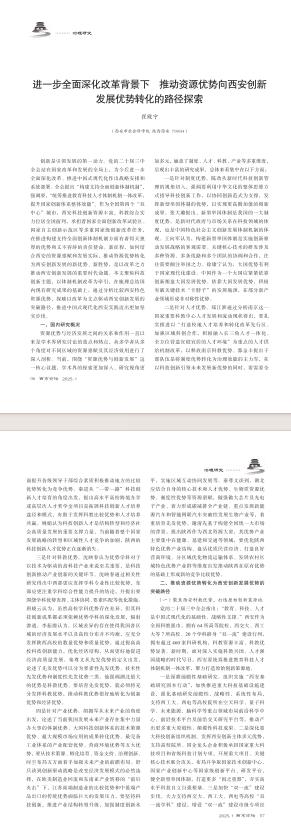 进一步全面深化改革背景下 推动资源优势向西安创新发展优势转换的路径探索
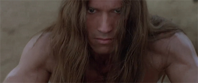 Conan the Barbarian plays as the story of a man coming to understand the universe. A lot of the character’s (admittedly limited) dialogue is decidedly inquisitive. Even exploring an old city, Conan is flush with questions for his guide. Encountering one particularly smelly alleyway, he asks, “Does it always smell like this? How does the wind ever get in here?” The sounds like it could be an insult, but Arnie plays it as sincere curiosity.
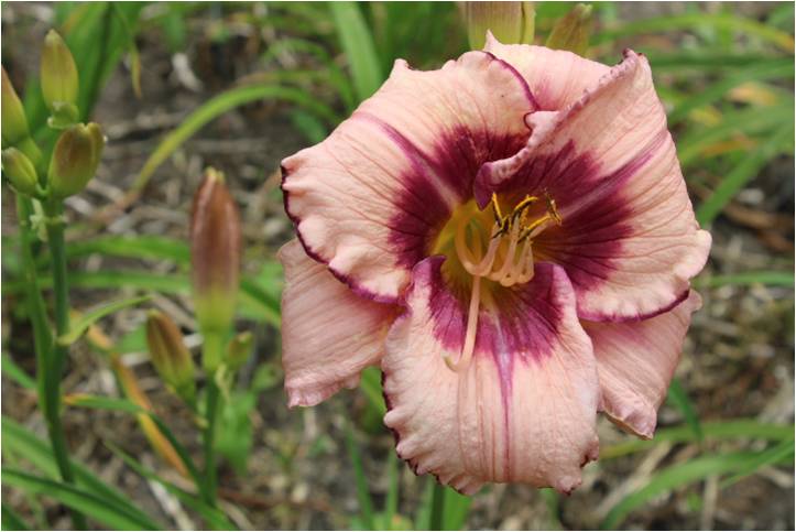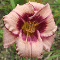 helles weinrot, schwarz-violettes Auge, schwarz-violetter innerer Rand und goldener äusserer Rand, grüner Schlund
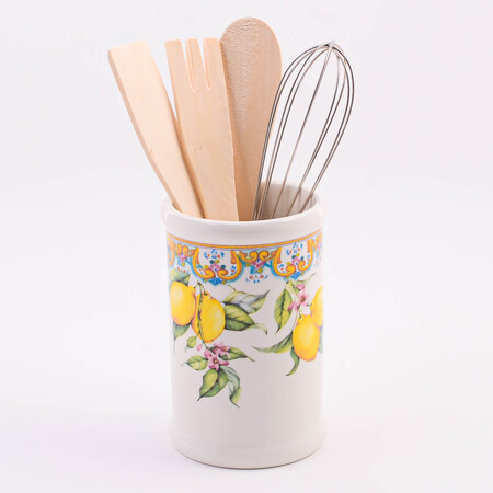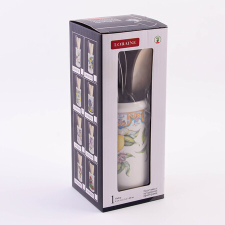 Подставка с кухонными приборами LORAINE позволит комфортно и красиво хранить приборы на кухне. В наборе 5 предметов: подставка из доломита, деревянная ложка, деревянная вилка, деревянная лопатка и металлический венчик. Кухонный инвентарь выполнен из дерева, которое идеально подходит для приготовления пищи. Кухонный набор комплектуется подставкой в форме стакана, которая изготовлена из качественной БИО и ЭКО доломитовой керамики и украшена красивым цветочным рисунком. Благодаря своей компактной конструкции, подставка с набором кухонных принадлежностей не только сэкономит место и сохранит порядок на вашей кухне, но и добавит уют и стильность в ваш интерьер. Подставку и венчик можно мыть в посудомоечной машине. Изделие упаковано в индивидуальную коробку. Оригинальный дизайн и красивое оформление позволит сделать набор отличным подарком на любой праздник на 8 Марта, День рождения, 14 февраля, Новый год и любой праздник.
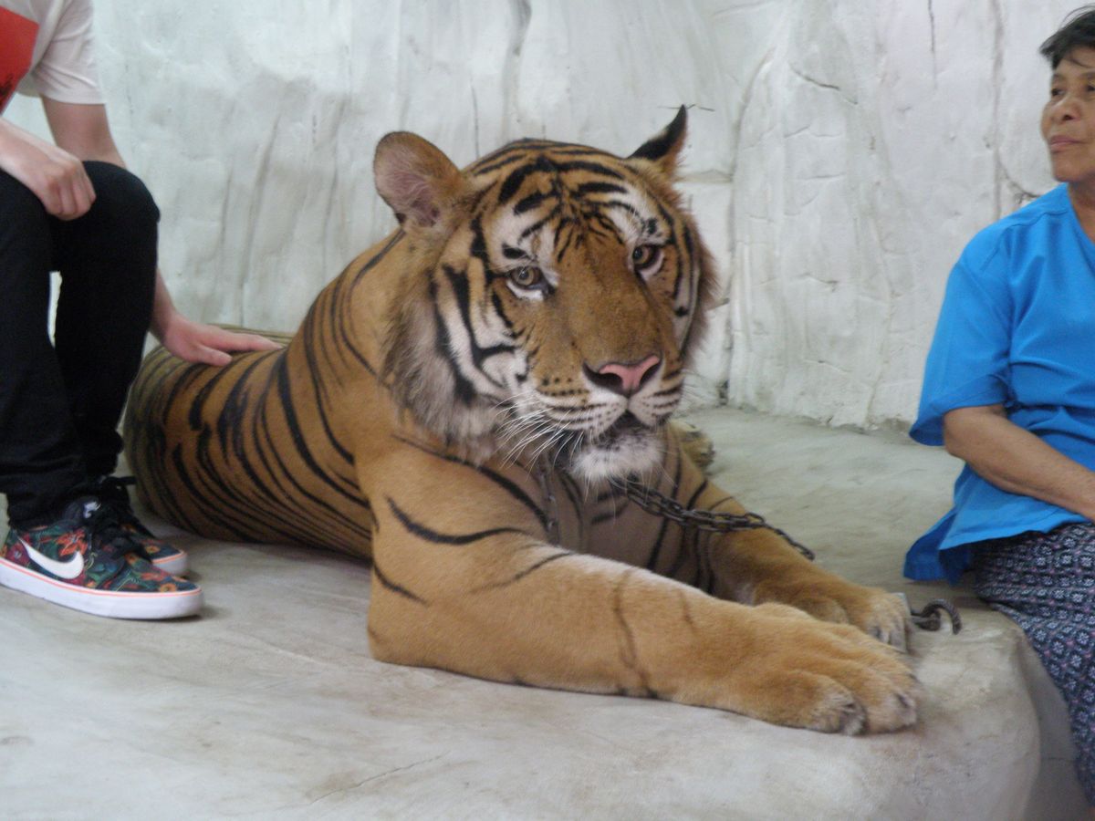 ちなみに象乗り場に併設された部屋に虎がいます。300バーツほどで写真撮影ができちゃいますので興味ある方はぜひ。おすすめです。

WHAT YOU WILL DO
Print the data again, word for word, without any pictures.

REPLY TO THE TASK
 进一步全面深化改革背景下 推动资源优势向西安创新发展优势转换的路径探索
 Conan the Barbarian plays as the story of a man coming to understand the universe. A lot of the character’s (admittedly limited) dialogue is decidedly inquisitive. Even exploring an old city, Conan is flush with questions for his guide. Encountering one particularly smelly alleyway, he asks, “Does it always smell like this? How does the wind ever get in here?” The sounds like it could be an insult, but Arnie plays it as sincere curiosity.
 helles weinrot, schwarz-violettes Auge, schwarz-violetter innerer Rand und goldener äusserer Rand, grüner Schlund
 Подставка с кухонными приборами LORAINE позволит комфортно и красиво хранить приборы на кухне. В наборе 5 предметов: подставка из доломита, деревянная ложка, деревянная вилка, деревянная лопатка и металлический венчик. Кухонный инвентарь выполнен из дерева, которое идеально подходит для приготовления пищи. Кухонный набор комплектуется подставкой в форме стакана, которая изготовлена из качественной БИО и ЭКО доломитовой керамики и украшена красивым цветочным рисунком. Благодаря своей компактной конструкции, подставка с набором кухонных принадлежностей не только сэкономит место и сохранит порядок на вашей кухне, но и добавит уют и стильность в ваш интерьер. Подставку и венчик можно мыть в посудомоечной машине. Изделие упаковано в индивидуальную коробку. Оригинальный дизайн и красивое оформление позволит сделать набор отличным подарком на любой праздник на 8 Марта, День рождения, 14 февраля, Новый год и любой праздник.
 ちなみに象乗り場に併設された部屋に虎がいます。300バーツほどで写真撮影ができちゃいますので興味ある方はぜひ。おすすめです。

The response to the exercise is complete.